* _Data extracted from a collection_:
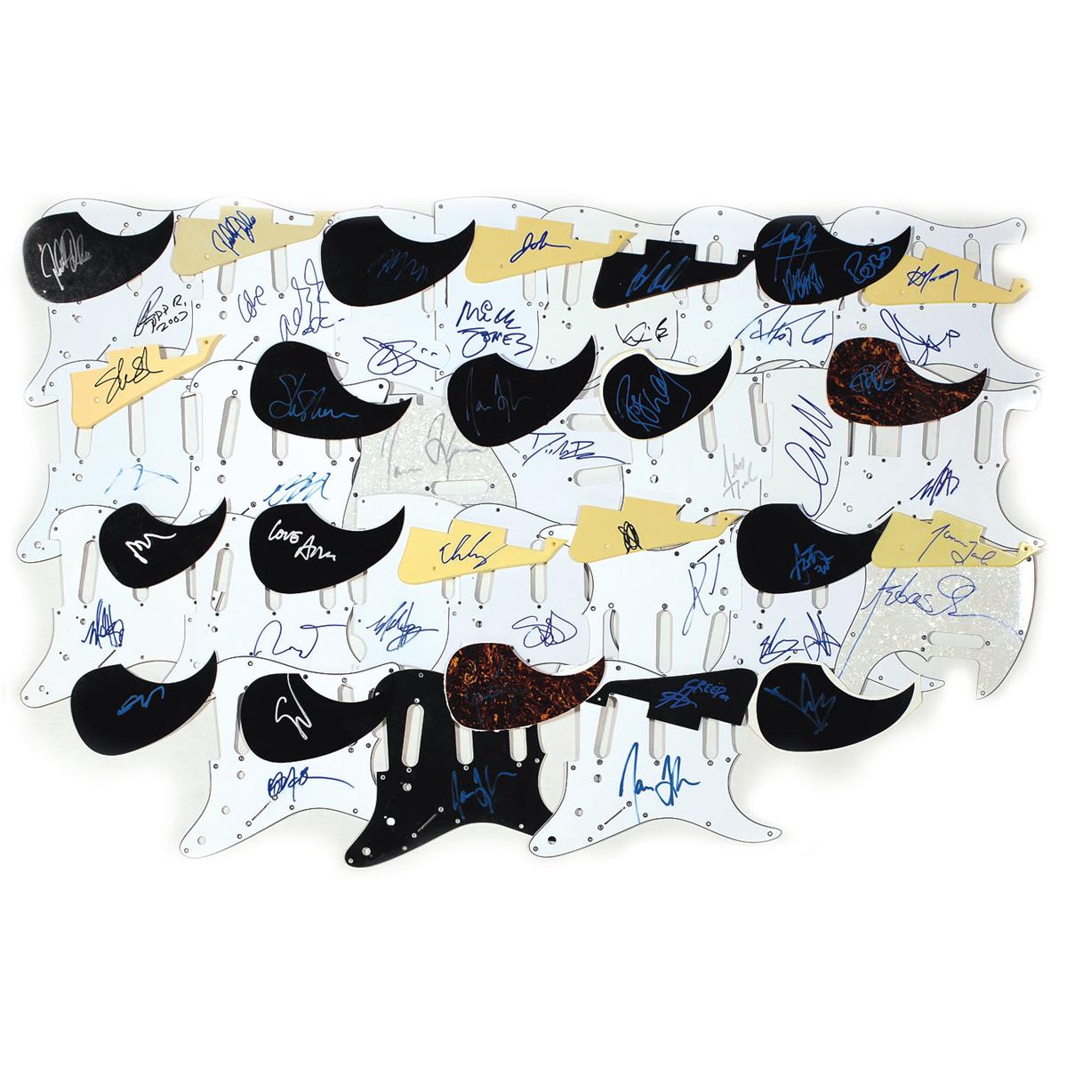 Thirty-seven pickguards, for various models of electric and acoustic guitars, each signed in ink or felt tip by a different musician(s). Included: Chris Cornell, Todd Rundgren, Willie Nelson, Joe Satriani, Mick Jones, Kevin Bacon, Tommy Chong, three members of the Misfits, Brad Arnold, John Reznick, John Frusciante, Ray Davies, Mark Hoppus (2), Alice Cooper, Amy Mann, Billy Ray Cyrus (2), Snoop Dogg, Michael Buble, two members of Los Lonely Boys, Sebastian Bach, James Taylor (6), Willie Nelson, Adele Atkins, Scott Stapp, Steve Vai, Stefan Lessard, Robert Deleo (2), Rob Thomas, Alex Turner, Matisyahu, Ozzy Osbourne, John Rich, Neil Young, Sarah Silverman, Slash, Roger Waters, and Scott Shriner. In fine overall condition.
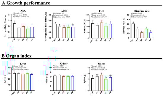 Effect of IRR on the growth performance of weaning piglets. (A) Growth performance, (B) Organ index. ADG, average daily gain; ADFI, mean daily feed intake; FCR, ratio of average daily gain intake to average daily feed. CON = basal diet, B1 = basal diet supplemented with 0.5% IRR, B2 = basal diet supplemented with 1.0% IRRe, B3 = basal diet supplemented with 2.0% IRR, and B4 = basal diet supplemented with 4.0% IRR. In the regions marked as a, b, and c within the figure, no significant differences were observed among groups denoted by the same letter. Conversely, statistically significant differences were evident between groups designated by different letters.
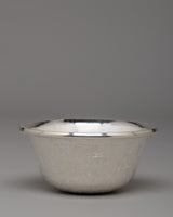 These bowls, made of high-quality silver, are lightweight but sturdy, weighing only 0.538kg (0.074kg each). The meticulous craftsmanship exemplifies traditional Himalayan artistry, guaranteeing that each piece is both visually appealing and spiritually meaningful. Use them to decorate your Buddhist shrine or meditation area, where their tranquil and exquisite style will complement your rituals and sacred practices.
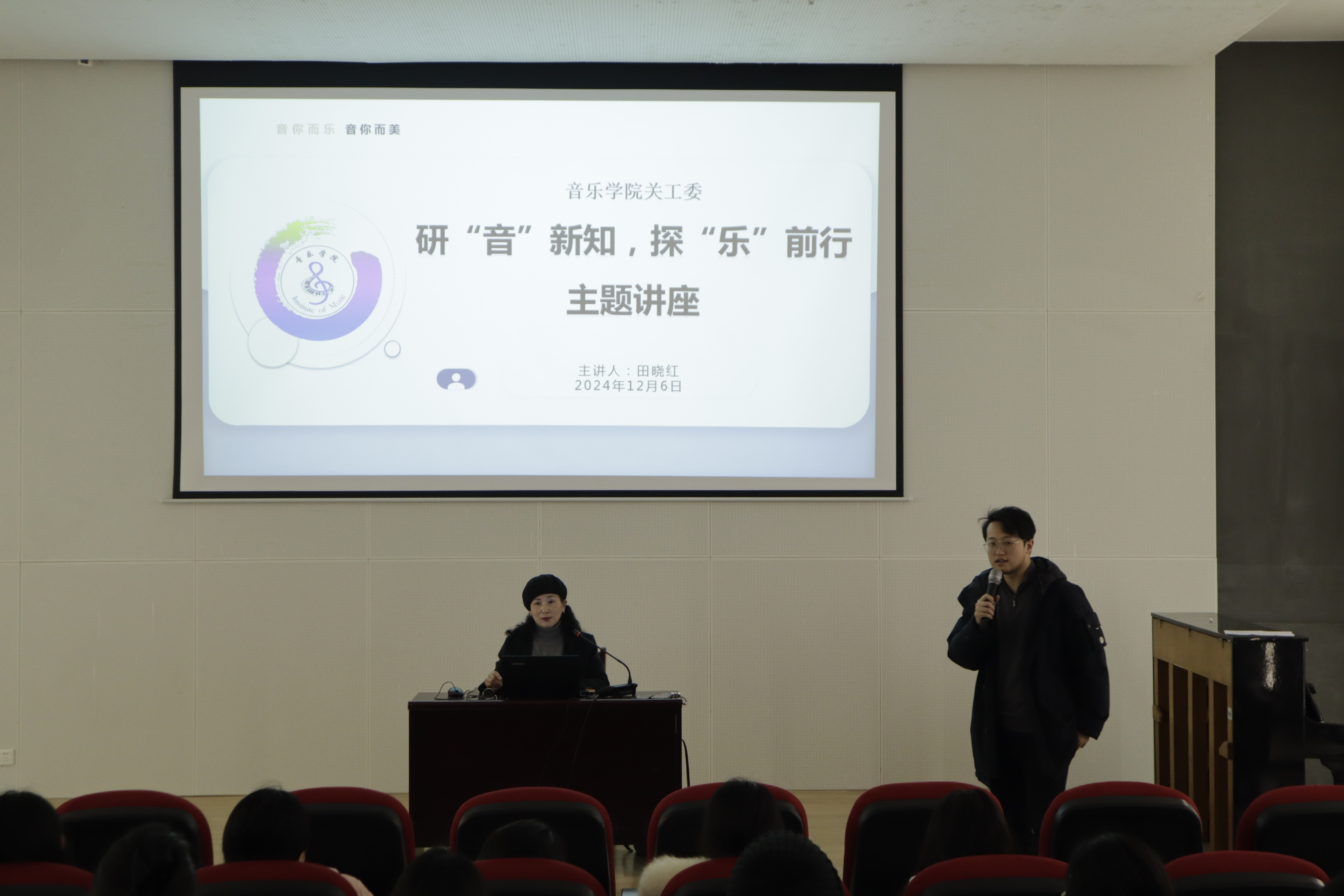 12月6日,音乐学院“大音讲堂”第三期活动在音乐楼H4101报告厅举行,本次活动主题为《“研‘音’新知,探‘乐’前行”》,学院特邀泰州市海陵区名师班成员、原泰州市海光中心小学艺术教研组组长田晓红老师主讲,学院25、26届共计80余名音乐学(师范)专业同学参加此次讲座,讲座由蔡宁远老师主持。
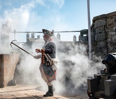 Take in breathtaking views of the French coast as you delve into the network of staircases, towers and secret rooms to discover hidden treasures. Explore the network of staircases, towers and secret rooms to discover gruesome tales and hidden treasures. Learn the story of the Castle through specially commissioned artwork, climb the turrets to find the medieval ‘wheel of urine’, and make your way if you dare into the cellar to study the 'witchcraft' exhibit. High on the battlements, with their commanding view of the surrounding hillsides and distant French coast, stand shoulder to shoulder with wooden soldiers who ‘guard’ the Castle.
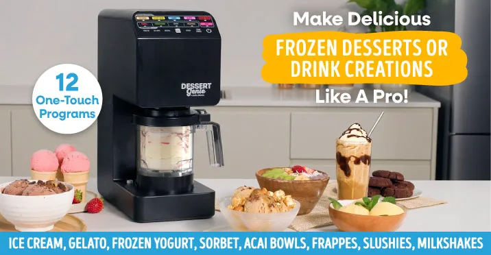 Dessert Genie has 12 one-touch programs so you can easily make delicious frozen desserts or chilled drink creations at the touch of a button.
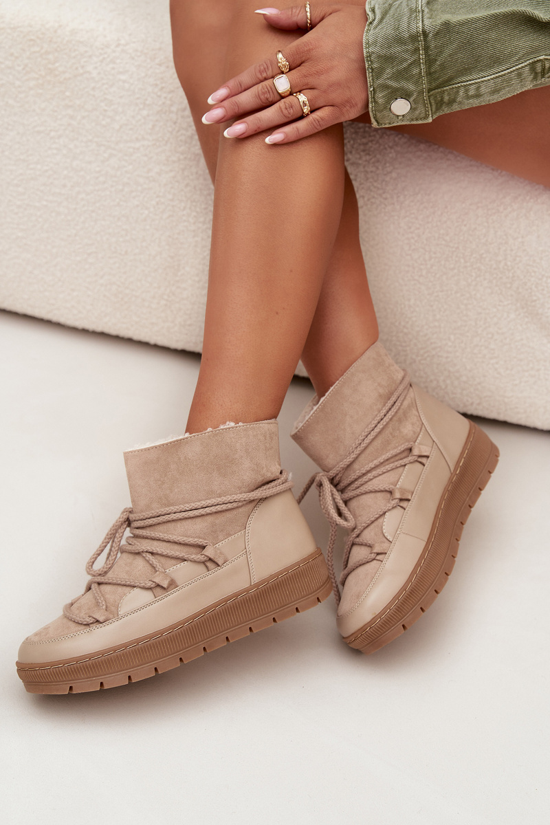 Women's snow boots made from a combination of eco-leather and suede are a practical and stylish option for winter days. Set on a platform made of rubber material, they effectively insulate from cold surfaces, ensuring comfort during wear. The insulated interior guarantees warmth even on frosty days, while also increasing comfort. This versatile footwear is perfect for everyday winter outfits. When choosing a size, please refer to the size chart. When choosing a size, please refer to the size chart.

* _Prompt_:
The data above must be written out again word for word, without its pictures.

* _Task solution_:
 Thirty-seven pickguards, for various models of electric and acoustic guitars, each signed in ink or felt tip by a different musician(s). Included: Chris Cornell, Todd Rundgren, Willie Nelson, Joe Satriani, Mick Jones, Kevin Bacon, Tommy Chong, three members of the Misfits, Brad Arnold, John Reznick, John Frusciante, Ray Davies, Mark Hoppus (2), Alice Cooper, Amy Mann, Billy Ray Cyrus (2), Snoop Dogg, Michael Buble, two members of Los Lonely Boys, Sebastian Bach, James Taylor (6), Willie Nelson, Adele Atkins, Scott Stapp, Steve Vai, Stefan Lessard, Robert Deleo (2), Rob Thomas, Alex Turner, Matisyahu, Ozzy Osbourne, John Rich, Neil Young, Sarah Silverman, Slash, Roger Waters, and Scott Shriner. In fine overall condition.
 Effect of IRR on the growth performance of weaning piglets. (A) Growth performance, (B) Organ index. ADG, average daily gain; ADFI, mean daily feed intake; FCR, ratio of average daily gain intake to average daily feed. CON = basal diet, B1 = basal diet supplemented with 0.5% IRR, B2 = basal diet supplemented with 1.0% IRRe, B3 = basal diet supplemented with 2.0% IRR, and B4 = basal diet supplemented with 4.0% IRR. In the regions marked as a, b, and c within the figure, no significant differences were observed among groups denoted by the same letter. Conversely, statistically significant differences were evident between groups designated by different letters.
 These bowls, made of high-quality silver, are lightweight but sturdy, weighing only 0.538kg (0.074kg each). The meticulous craftsmanship exemplifies traditional Himalayan artistry, guaranteeing that each piece is both visually appealing and spiritually meaningful. Use them to decorate your Buddhist shrine or meditation area, where their tranquil and exquisite style will complement your rituals and sacred practices.
 12月6日,音乐学院“大音讲堂”第三期活动在音乐楼H4101报告厅举行,本次活动主题为《“研‘音’新知,探‘乐’前行”》,学院特邀泰州市海陵区名师班成员、原泰州市海光中心小学艺术教研组组长田晓红老师主讲,学院25、26届共计80余名音乐学(师范)专业同学参加此次讲座,讲座由蔡宁远老师主持。
 Take in breathtaking views of the French coast as you delve into the network of staircases, towers and secret rooms to discover hidden treasures. Explore the network of staircases, towers and secret rooms to discover gruesome tales and hidden treasures. Learn the story of the Castle through specially commissioned artwork, climb the turrets to find the medieval ‘wheel of urine’, and make your way if you dare into the cellar to study the 'witchcraft' exhibit. High on the battlements, with their commanding view of the surrounding hillsides and distant French coast, stand shoulder to shoulder with wooden soldiers who ‘guard’ the Castle.
 Dessert Genie has 12 one-touch programs so you can easily make delicious frozen desserts or chilled drink creations at the touch of a button.
 Women's snow boots made from a combination of eco-leather and suede are a practical and stylish option for winter days. Set on a platform made of rubber material, they effectively insulate from cold surfaces, ensuring comfort during wear. The insulated interior guarantees warmth even on frosty days, while also increasing comfort. This versatile footwear is perfect for everyday winter outfits. When choosing a size, please refer to the size chart. When choosing a size, please refer to the size chart.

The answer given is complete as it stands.